Abstract
Robot-assisted surgery is assumed to be time consuming partially due to extra time needed in preparing the robot. The objective of this study was to give realistic times in Da Vinci Xi draping and docking and to analyse the learning curve in the transition from the Si to the Xi in an experienced team. This prospective study was held in a hospital with a high volume of robot-assisted surgery in general surgery, urology and gynaecology. Times from the moment patients entered the operating room until the surgeon took place behind console were precisely recorded during the first 6 weeks after the implementation of the Xi. In total, 65 procedures were performed and documented. The learning curve for the process of draping and docking the robot was reached after 21 and 18 cases, respectively. Mean times after completion of the learning curve were 5 min for draping and 7 min for docking and were statistically different from mean times before completion of the learning curve (p values < 0.01). In dedicated teams netto extra time needed for preparing the Xi can even be reduced to just the time needed for docking. Thus, setting up the robot should have limited impact on overall time spent in the operation room.

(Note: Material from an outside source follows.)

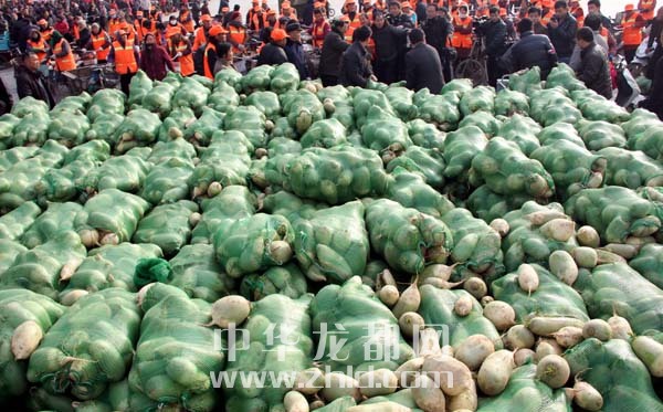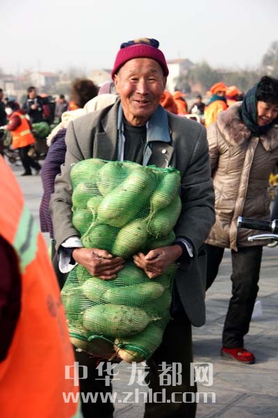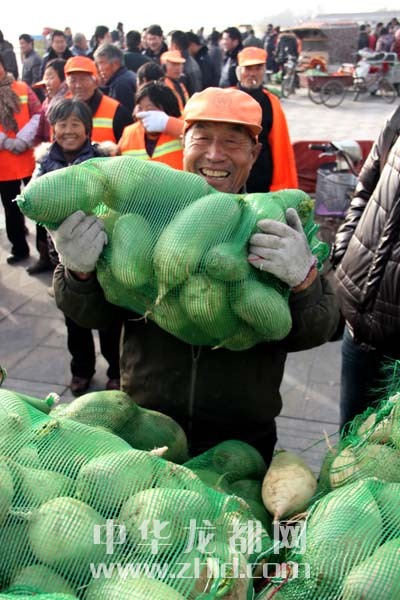 當(dāng)天上午,淮陽(yáng)縣太昊陵廣場(chǎng)人頭攢動(dòng),1000余名貧困家庭代表早早地來到現(xiàn)場(chǎng)等候。9時(shí)許,“愛心蘿卜”開始免費(fèi)發(fā)放。僅一上午時(shí)間,20萬斤蘿卜就被認(rèn)領(lǐng)一空。

Keywords: Robot-assisted surgery, Docking, Draping, Learning curve, Time efficiency
Introduction
The use of robotic systems for surgical procedures has increased rapidly over the past 2 decades. Although robot-assisted surgery has several advantages over conventional endoscopic surgery, its costs and prolonged operative times remain a subject of debate. High costs are not only ascribed to high purchase and maintenance costs of the robot, but to longer operating times as well [1–3].
Prolonged overall operating room (OR) times are partially due to extra time needed for preparing the robot (draping the robot, positioning the robot, calibrating and docking the robotic arms) [4–6]. However, focus is mainly put on total operation time and console time [7]. There is a lack of reliable data about extra time needed for setting up the robot.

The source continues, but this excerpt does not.